Схватившись за зубцы стены и глядя вниз, превозмогая страх высоты, Джулианна раздумывала над увиденным, как недавно раздумывала о нападении, выискивая цель, смысл и значение действия, поначалу казавшегося бессмысленным и хаотичным. Сперва ей показалось, что огоньки на равнине снуют туда-сюда без всякого порядка: у реки огоньков и теней не было чётких очертаний, у неё, как и у всякой реки, было единое течение, и текла она на север, прочь от замка. На глазах у Джулианны отступала целая армия, отступала не поспешно, не спасаясь бегством — нет, ровным походным шагом.

Значит, осады не будет. Нападавшие намеревались захватить замок с налёта.

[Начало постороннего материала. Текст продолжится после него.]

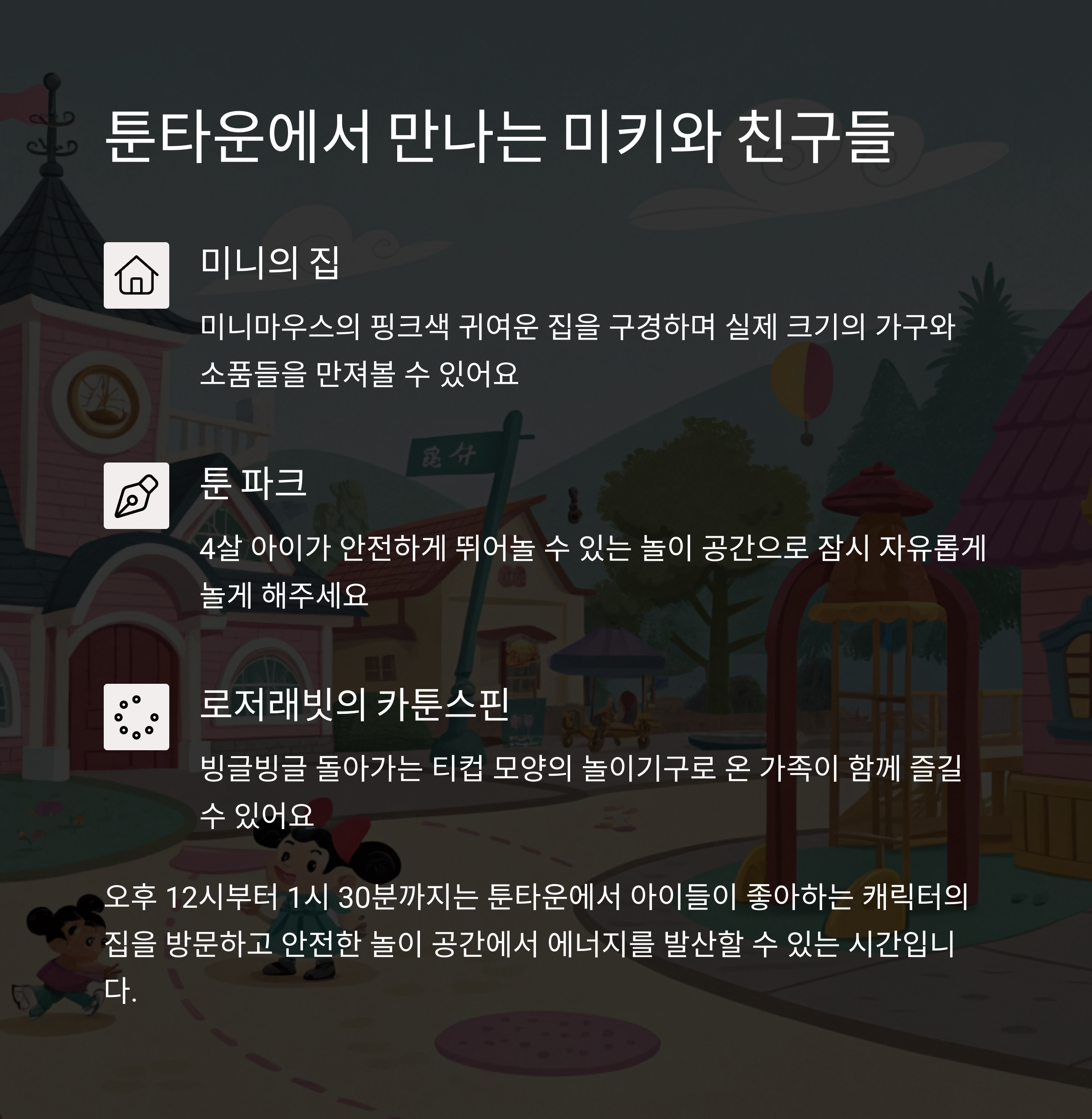 | 어린이 전용 어트랙션 | 기다림이 짧고 자극이 적은 어트랙션을 중심으로 구성 |

Небольшая группа должна была вскарабкаться по северному склону утёса, а потом по откосу и по внешней стене, пробиться к воротам и впустить главные силы. И это должно было случиться в полночь, пока братья стояли на молитве, а стражники утратили бдительность…

Потерпев поражение, армия стала отступать. Командующий оказался умным человеком и решил не рисковать и не импровизировать на ходу. Джулианна не сомневалась, что её отец одобрил бы его действия. Да и сама она считала, что так все и должно быть. Составь план, ударь, удержи крепость, если побеждаешь, и отступи, если проигрываешь, чтобы потом придумать новый план. Джулианна от души надеялась, что на этот раз армия нападёт на какое-нибудь другое место. Захватив Рок-де-Рансон, шарайцы смогли бы удерживать его не меньше времени, чем искупители. Это подорвало бы северную границу Чужеземья и лишило бы его защиты. Таллис оказался бы открытым для набегов или чего-нибудь худшего, Элесси был бы потерян… Это могло означать для Королевства медленную смерть — а может быть, и не такую уж медленную. Рок был ключом, по крайней мере так казалось Джулианне в эту ночь, а если ключ повернуть в замке…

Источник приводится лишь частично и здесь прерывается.